'Tis the season for rudeness in shopping, fa la la la la...


November 17, 1998

It is official: The holiday shopping season is here. If you were within a mile of a mall last Saturday, you know what I am talking about.

Ah, yes, the signs that Christmas, that holiest of times for Christians throughout the world, is coming... people about to snap looking for parking spaces... mothers threatening to kill each other over a stupid toy... unscrupulous retailers tripling the price of that toy just because they can... oh, it makes me want to SING! HALLELUJAH! HAAAAL-LAY-LOOOOOOO-YAHHH!

I consider myself fortunate (HA!!) to be part of the retail work force this Christmas season. Thanks to a bevy of student loans and a full-time job where my salary gives me a first-hand understanding of the word "blighted," I currently experience the thrill of working for a very major retailer, where I sell such popular items for Christmas presents as water heaters and sump pumps.

But while I anxiously await the intensification of the holiday shopping season this year, I know that this year will not give me near the amount of joyous memories (which I will be describing excitedly to therapists for years) that my prior retail job did at Christmas.
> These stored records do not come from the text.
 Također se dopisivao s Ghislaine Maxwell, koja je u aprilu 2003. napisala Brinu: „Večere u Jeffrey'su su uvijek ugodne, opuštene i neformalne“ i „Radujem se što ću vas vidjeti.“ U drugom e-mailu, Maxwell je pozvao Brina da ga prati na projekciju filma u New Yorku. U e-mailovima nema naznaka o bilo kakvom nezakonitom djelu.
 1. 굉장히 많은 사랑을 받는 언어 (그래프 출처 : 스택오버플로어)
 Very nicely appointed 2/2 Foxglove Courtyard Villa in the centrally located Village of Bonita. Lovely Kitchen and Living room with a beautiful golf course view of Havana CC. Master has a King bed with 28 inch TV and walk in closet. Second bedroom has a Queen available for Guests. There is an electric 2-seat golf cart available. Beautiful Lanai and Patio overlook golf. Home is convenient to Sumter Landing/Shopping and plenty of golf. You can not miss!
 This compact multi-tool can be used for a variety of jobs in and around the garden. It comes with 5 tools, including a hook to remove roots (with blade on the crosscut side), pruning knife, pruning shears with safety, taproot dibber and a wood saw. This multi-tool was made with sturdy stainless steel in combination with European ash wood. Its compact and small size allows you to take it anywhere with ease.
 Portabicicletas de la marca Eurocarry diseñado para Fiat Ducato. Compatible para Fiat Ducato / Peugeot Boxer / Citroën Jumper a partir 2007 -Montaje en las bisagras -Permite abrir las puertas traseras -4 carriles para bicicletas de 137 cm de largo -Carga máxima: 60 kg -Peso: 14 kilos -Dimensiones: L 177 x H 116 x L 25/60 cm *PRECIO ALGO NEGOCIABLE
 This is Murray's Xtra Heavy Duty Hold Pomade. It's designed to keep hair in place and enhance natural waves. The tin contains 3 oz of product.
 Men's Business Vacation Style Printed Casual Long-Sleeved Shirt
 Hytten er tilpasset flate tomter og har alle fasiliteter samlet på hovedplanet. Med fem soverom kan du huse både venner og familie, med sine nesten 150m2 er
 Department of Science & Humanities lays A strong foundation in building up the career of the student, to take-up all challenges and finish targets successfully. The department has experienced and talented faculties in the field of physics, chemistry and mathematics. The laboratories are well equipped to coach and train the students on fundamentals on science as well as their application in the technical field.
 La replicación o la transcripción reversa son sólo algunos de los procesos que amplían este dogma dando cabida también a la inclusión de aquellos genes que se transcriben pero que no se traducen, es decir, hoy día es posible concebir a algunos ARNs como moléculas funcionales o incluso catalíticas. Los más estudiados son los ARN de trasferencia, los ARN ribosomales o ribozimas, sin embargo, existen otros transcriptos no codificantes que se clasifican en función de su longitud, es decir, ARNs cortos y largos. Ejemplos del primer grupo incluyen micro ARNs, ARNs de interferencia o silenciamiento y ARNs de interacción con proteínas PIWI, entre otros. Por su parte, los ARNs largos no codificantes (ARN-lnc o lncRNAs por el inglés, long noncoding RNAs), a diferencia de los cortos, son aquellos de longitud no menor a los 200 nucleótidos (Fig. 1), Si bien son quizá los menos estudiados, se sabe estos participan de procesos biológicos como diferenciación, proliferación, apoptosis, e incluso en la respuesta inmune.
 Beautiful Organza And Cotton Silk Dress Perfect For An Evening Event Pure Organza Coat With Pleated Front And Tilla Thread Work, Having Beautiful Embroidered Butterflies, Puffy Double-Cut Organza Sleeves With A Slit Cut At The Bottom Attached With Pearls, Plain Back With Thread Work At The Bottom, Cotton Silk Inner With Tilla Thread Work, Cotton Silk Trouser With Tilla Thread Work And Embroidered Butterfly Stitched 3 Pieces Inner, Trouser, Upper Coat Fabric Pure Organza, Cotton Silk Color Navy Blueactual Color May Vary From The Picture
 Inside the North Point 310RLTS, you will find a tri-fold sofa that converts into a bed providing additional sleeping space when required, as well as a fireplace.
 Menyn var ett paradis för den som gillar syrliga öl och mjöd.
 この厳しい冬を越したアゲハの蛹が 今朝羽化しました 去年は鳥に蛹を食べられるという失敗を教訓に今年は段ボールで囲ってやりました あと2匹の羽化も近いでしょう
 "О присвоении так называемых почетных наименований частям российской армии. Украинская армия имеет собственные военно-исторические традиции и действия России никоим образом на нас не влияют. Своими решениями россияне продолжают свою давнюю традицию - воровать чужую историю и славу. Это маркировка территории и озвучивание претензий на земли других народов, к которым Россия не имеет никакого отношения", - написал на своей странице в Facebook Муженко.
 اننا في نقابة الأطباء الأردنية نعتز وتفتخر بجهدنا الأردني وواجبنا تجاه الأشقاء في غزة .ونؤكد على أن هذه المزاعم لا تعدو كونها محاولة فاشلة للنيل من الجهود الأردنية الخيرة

You see, I worked at Toys "R" Us for five Christmas seasons, to pay for college (the part that wasn't paid for by those spiffy loans). Boy, if good ol' Toys "R" Us ain't the place to spend Christmas, I don't know what is!

Note to the slow and/or dumb: I am being sarcastic! Except the part about needing therapy. That is undoubtedly true. And you want to know why I probably need therapy? All I have to say is this: I was at Toys "R" Us during the Power Rangers craze.

One of my duties was to help unload the trucks. This is not a job that normally has an audience, but we were the top show in town. Whenever we got a shipment in, parents would observe us from the storeroom door, watching us with their Power Ranger-hungry eyes. Whenever I would go out onto the sales floor, I would be mobbed, and people would ask me, quivering:

"Have you got any off the truck yet?"

When we did get any Power Rangers in... well, I'll just say it got really interesting. And violent. Critics often claim that the Power Rangers show made children prone to violence, due to the fighting on the show. I do not know if I believe that, but I do have evidence that the show did cause parents to act violently. I once witnessed two professionally-dressed mothers, one wearing a yellow dress, the other wearing a red pants suit, fight each other over a "Yellow Ranger--Trini" action figure:

"Hey, that was my yellow ranger, excuse me!"

"Uh, I don't think so. I have it."

"Why you BITCH..."

And then they went at it, publicly smacking each other over a piece of plastic. I am not making any of this up.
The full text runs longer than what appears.